Dropout rate tumbles, but not among IT crowd

Hefce figures show overall attrition rate down to 6.6 per cent but computer science struggles to improve retention

July 31, 2014

Fewer students are dropping out of universities than ever before, according to new data.

But there are huge differences between subjects, with more than one in 10 computer science students dropping out, compared with fewer than two in 100 taking medicine and dentistry.

The latest data from the Higher Education Funding Council for England show that in 2011-12, 6.6 per cent of full-time UK students doing a first degree in England had quit after their first year.

This is almost one percentage point less than the previous year, and is the latest in a series of declines since 2003-04, when the dropout rate was 9.2 per cent.

But differences in dropout rates between subjects remain stark. Eleven per cent of computer science students dropped out in 2011-12, according to the data. This is an improvement on the previous year, but since 2003-04 dropout rates have generally stayed above 12 per cent, despite almost all other subject areas having seen significant improvements in retention.

A detailed breakdown of the figures shows that software engineering has a particularly poor retention record, with nearly 17 per cent of students dropping out after the first year. Artificial intelligence courses, on the other hand, do much better.

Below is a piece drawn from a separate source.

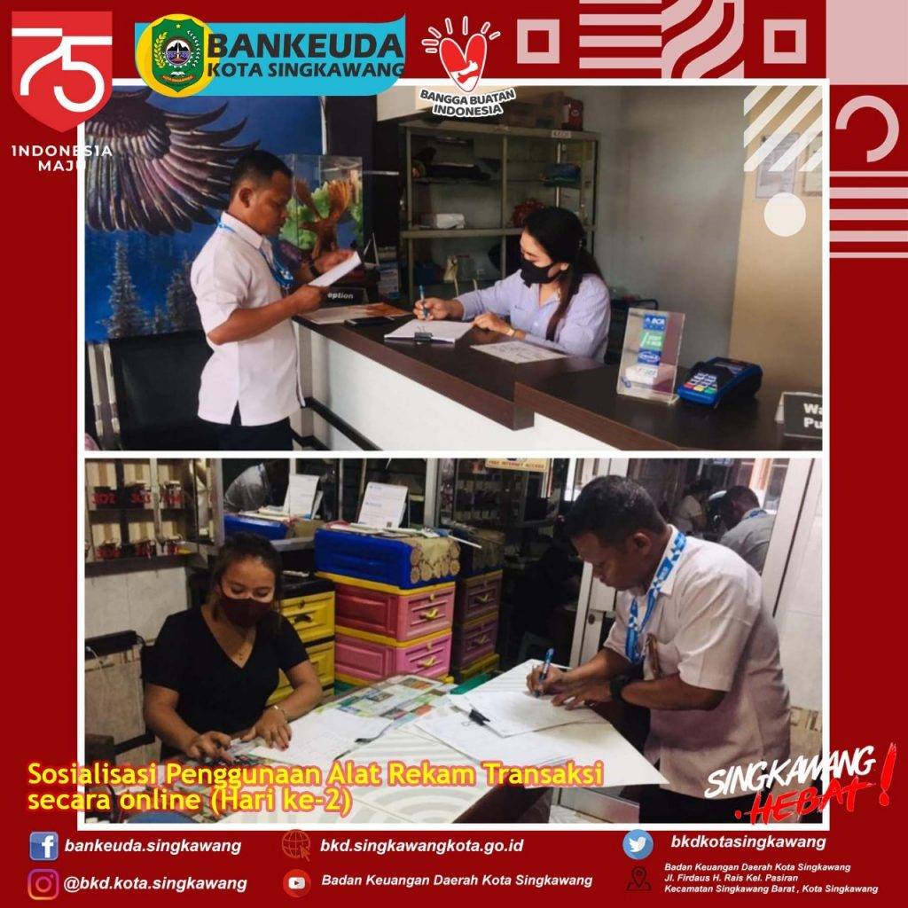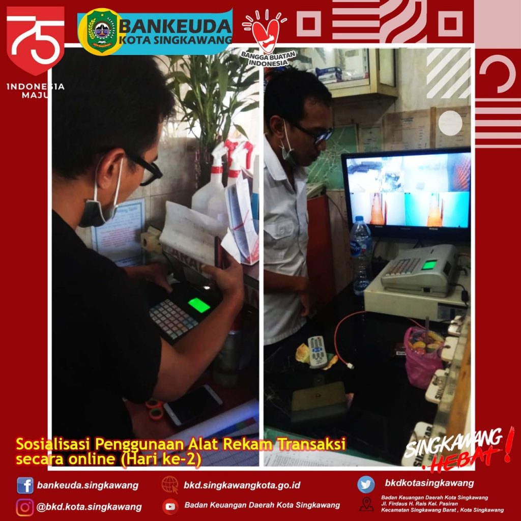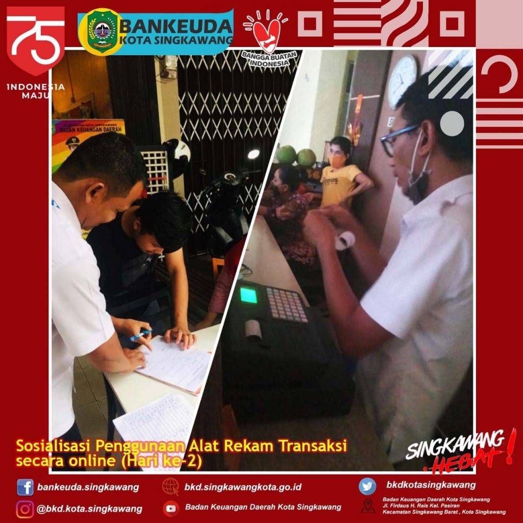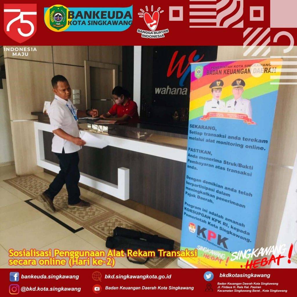 Agenda Hari ke-2, 𝗦𝗼𝘀𝗶𝗮𝗹𝗶𝘀𝗮𝘀𝗶 𝗱𝗮𝗻 𝗣𝗲𝗺𝗲𝗹𝗶𝗵𝗮𝗿𝗮𝗮𝗻 𝗔𝗹𝗮𝘁 𝗥𝗲𝗸𝗮𝗺 𝗧𝗿𝗮𝗻𝘀𝗮𝗸𝘀𝗶 𝘀𝗲𝗰𝗮𝗿𝗮 𝗢𝗻𝗹𝗶𝗻𝗲 dilaksanakan BKD Kota Singkawang melalui Bidang Pajak & Retribusi, berupa pemasangan Roll up banner di lokasi Objek Pajak.

Digital Skills for Tomorrow’s World, a report released earlier this month by the UK Digital Skills Taskforce, suggested that computer science courses are “extremely varied” and that “some students arrive at university to find that the courses do not match their expectations”.

The data also show that men (7.6 per cent) are more likely to drop out than women (5.9 per cent). Students from areas with the lowest levels of participation in higher education also had higher dropout rates than those from other neighbourhoods. Neither of these differences could be fully explained when controlling for age, subject and qualifications on entry.

Black students and those from state school also have higher than average dropout rates, but these differences did largely disappear when other factors were taken into account.